Personal information
- Full name: Julien Ricaud
- Date of birth: 28 January 1985 (age 41)
- Place of birth: Villeneuve-sur-Lot, France
- Height: 1.85 m (6 ft 1 in)
- Position: Midfielder

Team information
- Current team: Avranches
- Number: 7

Senior career*
- Years: Team / Apps / (Gls)
- 2004–2005: Laval / 0 / (0)
- 2005–2007: Genêts Anglet / 63 / (2)
- 2007–2008: Compiègne / 22 / (0)
- 2008–2010: Pau / 62 / (2)
- 2010–2013: Niort / 94 / (1)
- 2013–2014: Le Poiré sur Vie / 22 / (1)
- 2014–: Avranches / 61 / (1)

= Julien Ricaud =

French professional footballer (born 1985)

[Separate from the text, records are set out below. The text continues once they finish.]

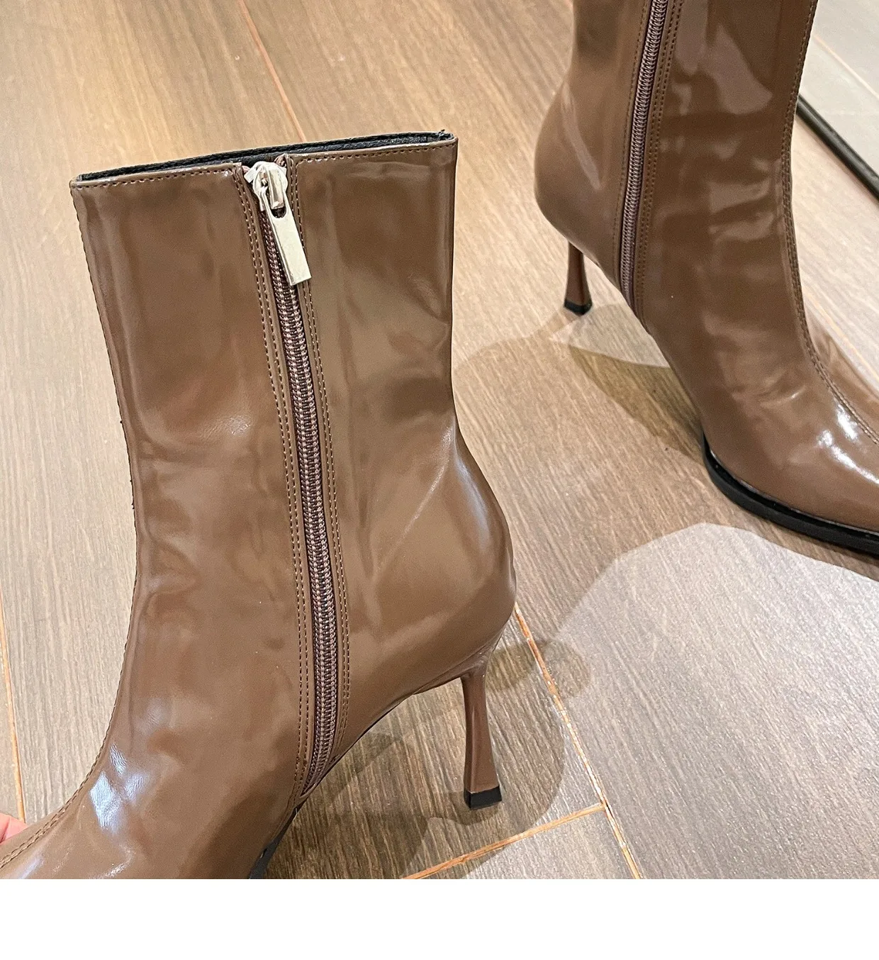 Chic women's ankle boots with zipper, high heel, pointed toe, perfect for autumn and winter fashion, made of PU leather.
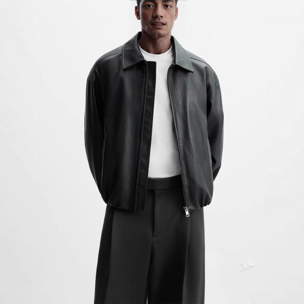 Herren elegante Kunstlederjacke mit modischem Stehkragen und seitlichen Eingrifftaschen Hedi-Mode
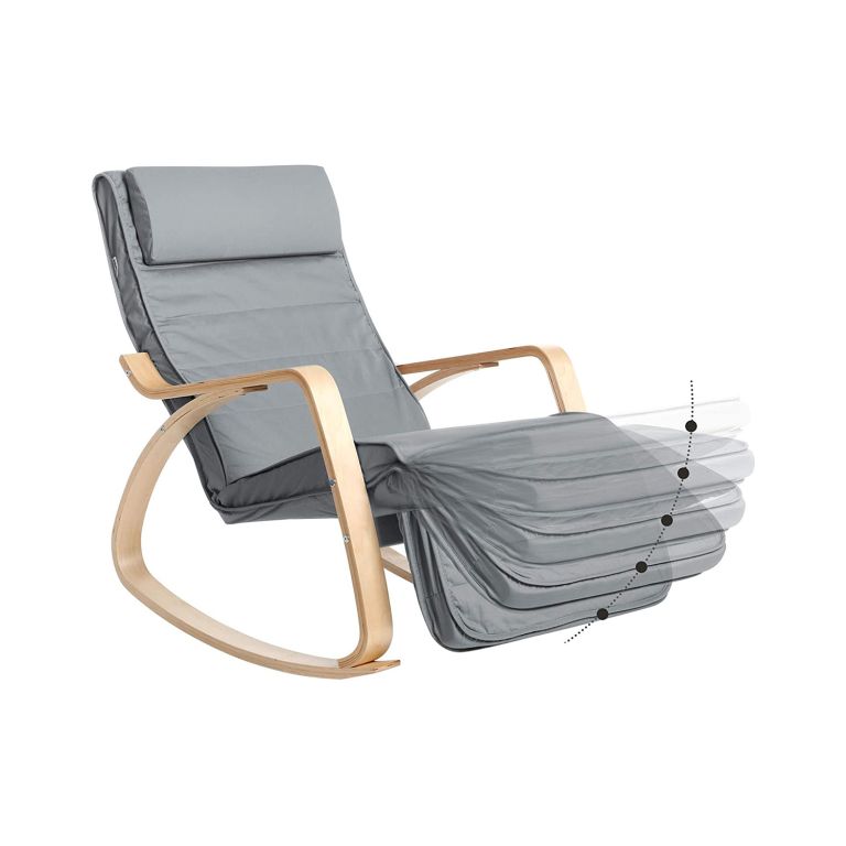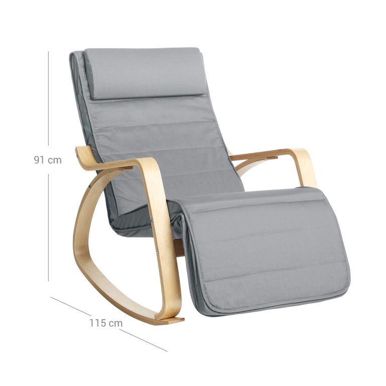 Wymiary fotela to 55 × 80 × 91 cm, a maksymalne obciążenie wynosi 150 kg. Stabilna rama z giętego drewna brzozowego ma trwałe wykończenie. Pokrowiec z czystej bawełny jest przyjemny w dotyku, oddychający i łatwy do zdjęcia oraz prania dzięki zamkowi. Wypełnienie z wysokiej jakości pianki zapewnia wygodę nawet podczas długiego siedzenia. Regulowany podnóżek z 5 pozycjami oraz odpinana poduszka pod głowę i kark zwiększają komfort użytkowania.
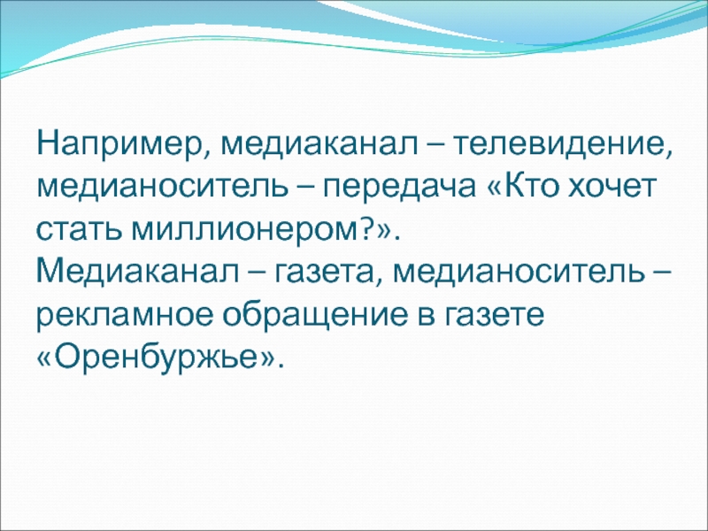 Слайд 70Например, медиаканал – телевидение, медианоситель – передача «Кто хочет стать
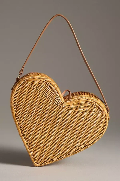 Pulsating Heart Wicker Shoulder Bag In Beige
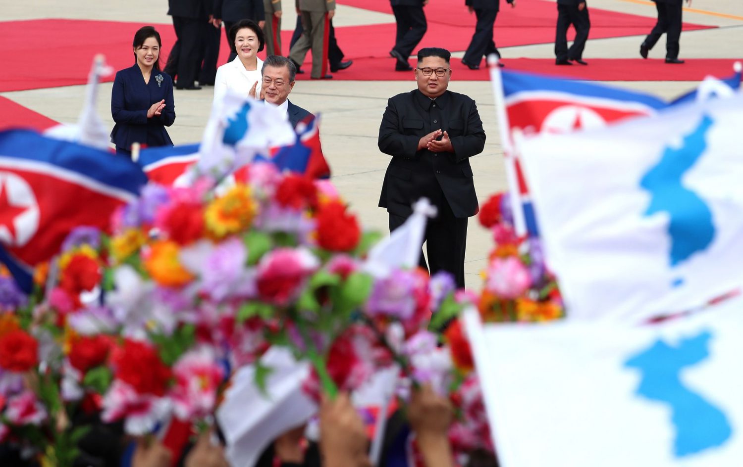Esta terça-feira, à chegada a Pyongyang, cerca das 9h50 da manhã (mais oito horas do que em Portugal Continental), Moon Jae-in tinha o seu homólogo à espera, na pista do Aeroporto Internacional de Sunan. Ultrapassados os cerimoniais militares, entraram num Mercedes preto e, com os corpos de fora do tejadilho, desfilaram por Pyongyang, saudados nas bermas por milhares de pessoas sorridentes, vestidas com trajes coloridos, acenando com bandeiras da Coreia do Norte e da Coreia Unificada. Pelas 3h45 da tarde, começaram as conversações formais, que continuarão na quarta-feira.
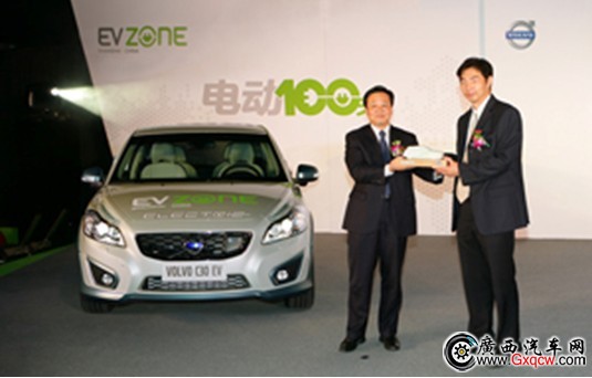 沃爾沃汽車公司研發(fā)副總裁沈峰向上海汽車城領(lǐng)導(dǎo)榮文偉遞交沃爾沃C30純電動車
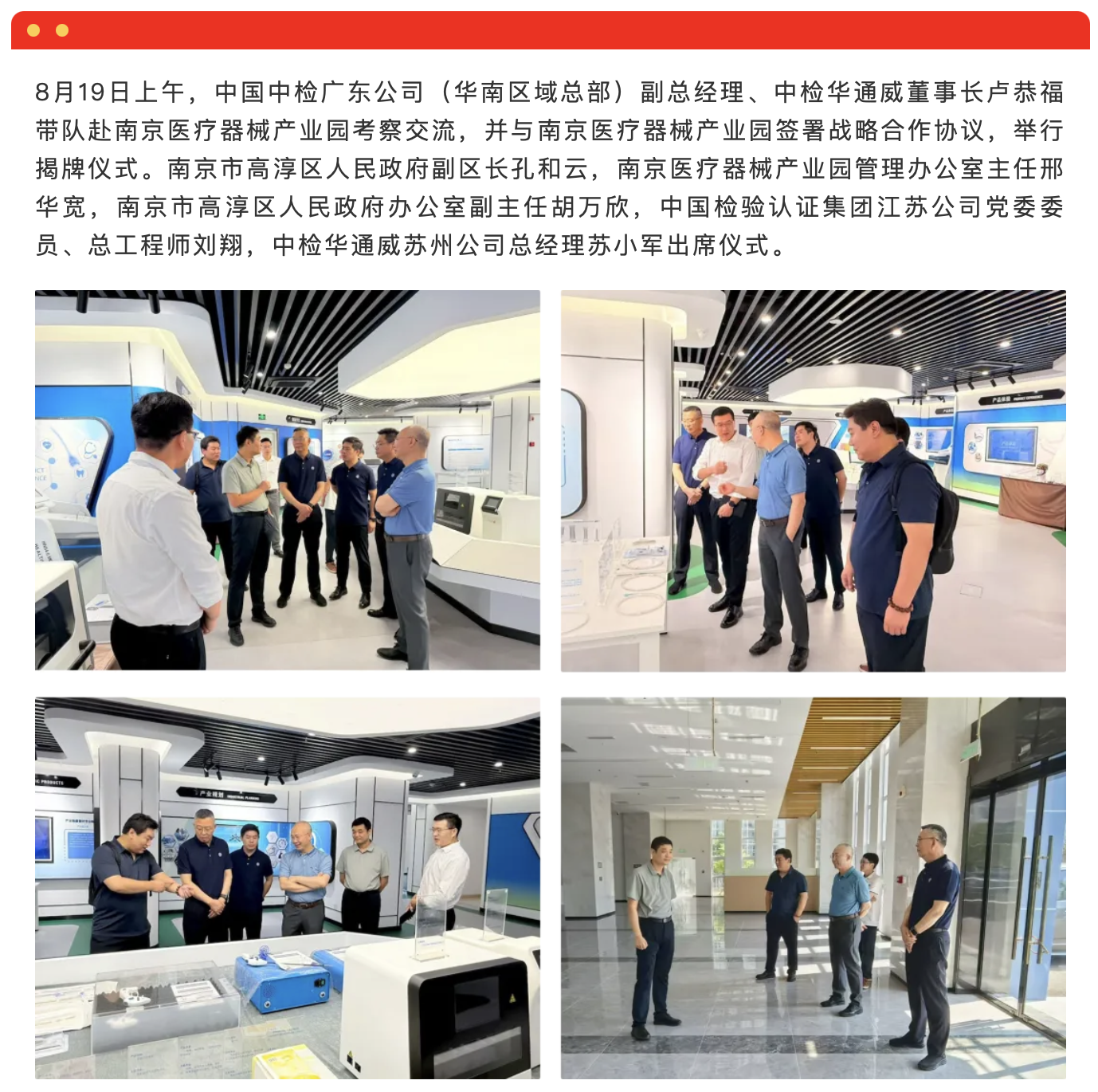 中检华通威与南京医疗器械产业园达成战略合作
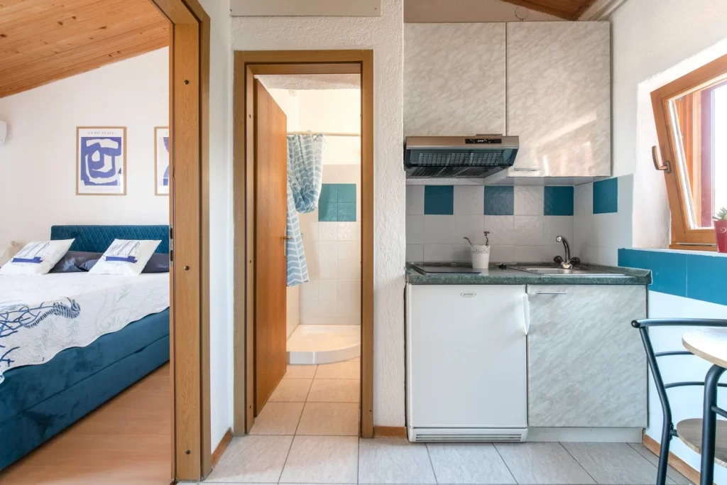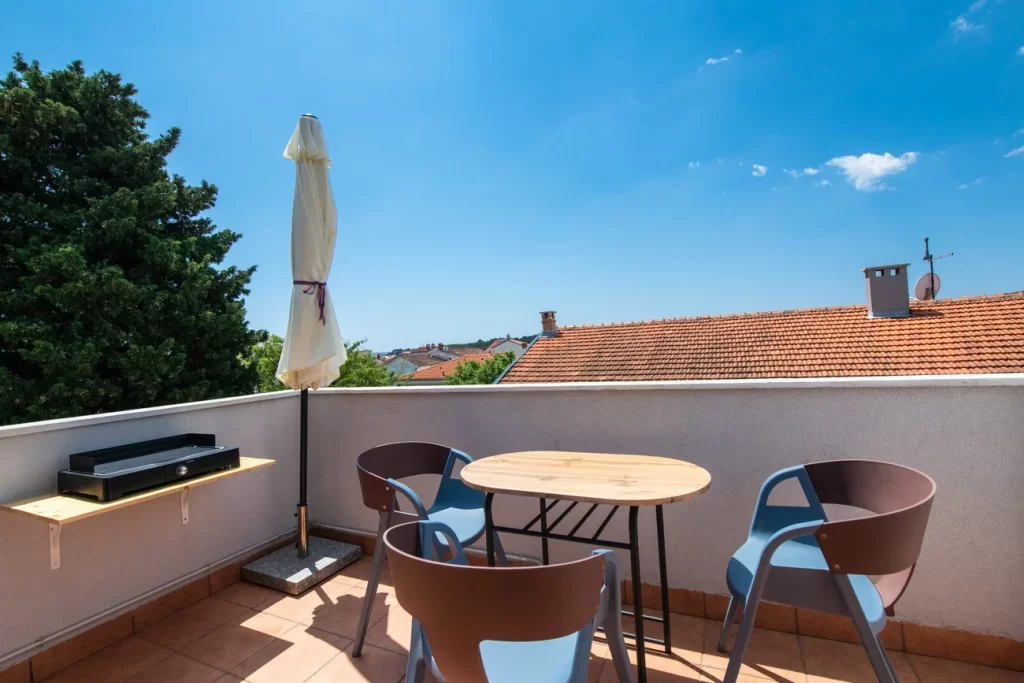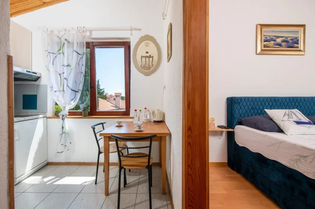 Nahajajo se v mirni ulici, le nekaj minut hoje od sprehajališča, restavracij, trgovin in plaže v Medulinu. Na voljo so trije popolnoma opremljeni apartmaji. Eden je primeren za štiri osebe, dva pa za po dve osebi. Vsak apartma ima svojo teraso – večji apartma je v prvem nadstropju hiše, studii pa v drugem nadstropju, od koder se s teras odpira pogled na morje.

Julien Ricaud (born 28 January 1985) is a French professional footballer who plays for Avranches as a defensive midfielder.

After progressing through the youth ranks at Laval, he began his senior career with Championnat de France amateur (CFA) side Genêts Anglet in 2005. Two years later, Ricaud signed for CFA rivals Compiègne, spending one season there before joining Pau. In the summer of 2010, he was signed by newly promoted Championnat National club Chamois Niortais on a free transfer.

Ricaud became an important figure in the Niort team over the following three seasons, often partnering Johan Gastien in the centre of midfield. He made 36 league appearances in the 2011–12 season as the side finished as runners-up in the National, thereby winning promotion to Ligue 2, the second tier of French football. At the end of the 2012–13 season it was announced that Ricaud, along with four other players, would not be re-signing with Niort for the following campaign.